Venerdì scorso sono scaduti i termini entro cui gli istituti avrebbero dovuto approvare i bilanci. I dirigenti scolastici però ritengono di non avere competenza sui pagamenti ai professionisti. Il sindaco: "L'Usr ha chiarito la correttezza della procedura seguita, adesso tocca alle scuole"

I soldi ci sono, ma gli operatori che garantiscono l'assistenza specialistica degli alunni disabili non sono stati pagati dalle scuole. E così il servizio rischia la sospensione. Colpa della mancata approvazione dei bilanci delle scuole. I dirigenti scolastici ritengono di non essere competenti nell'erogazione delle spettanze ai professionisti scelti dall'elenco stilato dal Comune.

"Venerdì scorso - scrive in una nota Barbara Evola, capogruppo di Sinistra Comune in Consiglio - sono scaduti i termini entro cui le scuole avrebbero dovuto approvare i bilanci e procedere ai pagamenti degli operatori. Comprendiamo le difficoltà degli istituti scolastici, legate alla mole di lavoro ed ai forti tagli al personale Ata degli anni passati, tuttavia le conseguenze non possono ricadere sui lavoratori. Gli operatori assicurano un servizio essenziale al quale deve corrispondere la retribuzione prevista dal vigente regolamento e che è stata coperta dai contributi del Comune. Le somme erogate peraltro non possono avere una diversa destinazione".

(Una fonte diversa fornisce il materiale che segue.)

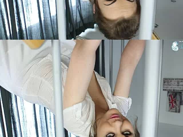 Funny babe Kinuski lifts up her white blouse and shows me her boobs!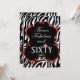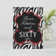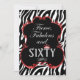 © Socialite Designs. Célébrez votre 60ème anniversaire avec ce carton d'invitation au motif zèbre impertinent et chic, liseré de scintillements rouges et texte 60 pailleté. Un design personnalisé par Socialite Designs.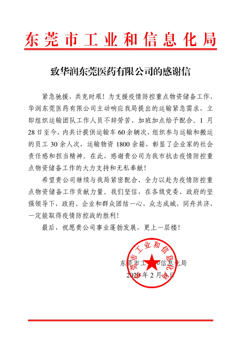 這封感謝信來自東莞市工業(yè)和信息化局,傳遞了東莞市工業(yè)和信息化局對華潤東莞醫(yī)藥提供高效、積極及專業(yè)的物流配送的感謝,也鼓舞了華潤東莞醫(yī)藥此刻為疫情應急物資運輸工作努力奮戰(zhàn)的團隊信心。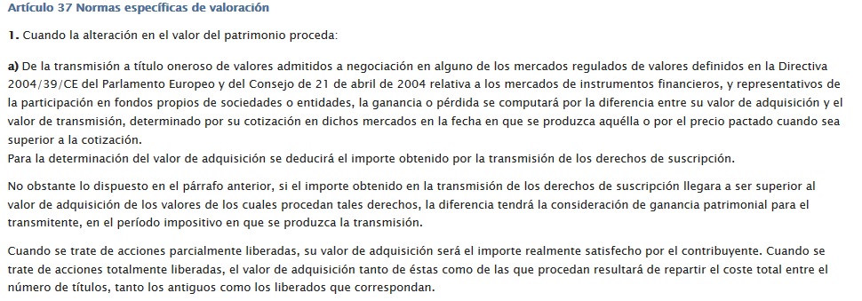"El importe de las ganancias o pérdidas patrimoniales será en el supuesto de transmisión onerosa o lucrativa, la diferencia entre los valores de adquisición y transmisión de los elementos patrimoniales"

Lo scorso agosto, su rischiesta dei dirigenti scolastici, il Consiglio comunale ha modificato l'apposito regolamento prevedendo al posto del contratto un atto di adesione per la prestazione d'opera svolta dai professionisti. Confermando alle scuole il controllo del servizio di assistenza specialistica e il pagamento degli operatori. Palazzo delle Aquile ha così continuato a trasferire le somme necessarie agli istituti scolastisci: non tutti però hanno fatto fronte ai pagamenti. Se entro lunedì prossimo non dovessero esserci buone nuove gli operatori valuteranno evantuali proteste o sospensioni del servizio. 

"Nelle scorse settimane - dice l'assessore alla Scuola Giovanna Marano - ci siamo rivolti all'Ufficio scolastico regionale. Aspettiamo fiduciosi un intervento che possa sbloccare la situazione". Anche Evola chiama in causa l'Ufficio scolastico regionale, "che negli anni ha avuto un ruolo cruciale per la costruzione di questo percorso. Riteniamo che il supporto dell'Usr possa essere di importanza fondamentale in un momento complesso che mette a rischio l'erogazione di un servizio essenziale".

Sala delle Lapidi tende anche una mano alle scuole: "Siamo di fronte a un pasticcio burocratico che rischia di penalizzare non solo i ragazzi e le famiglie - dice il capogruppo di Palermo 2022 Toni Sala - fermando un servizio fondamentale per il benessere degli alunni, ma anche gli operatori che hanno diritto ad avere certezze. Il Consiglio comunale, d'intesa con i dirigenti scolastici, ha già emanato un regolamento in estate proprio per prevenire i disservizi, ma se non fosse sufficiente siamo pronti a fare la nostra parte per trovare una soluzione condivisa, evitando che le singole scuole procedano in ordine sparso".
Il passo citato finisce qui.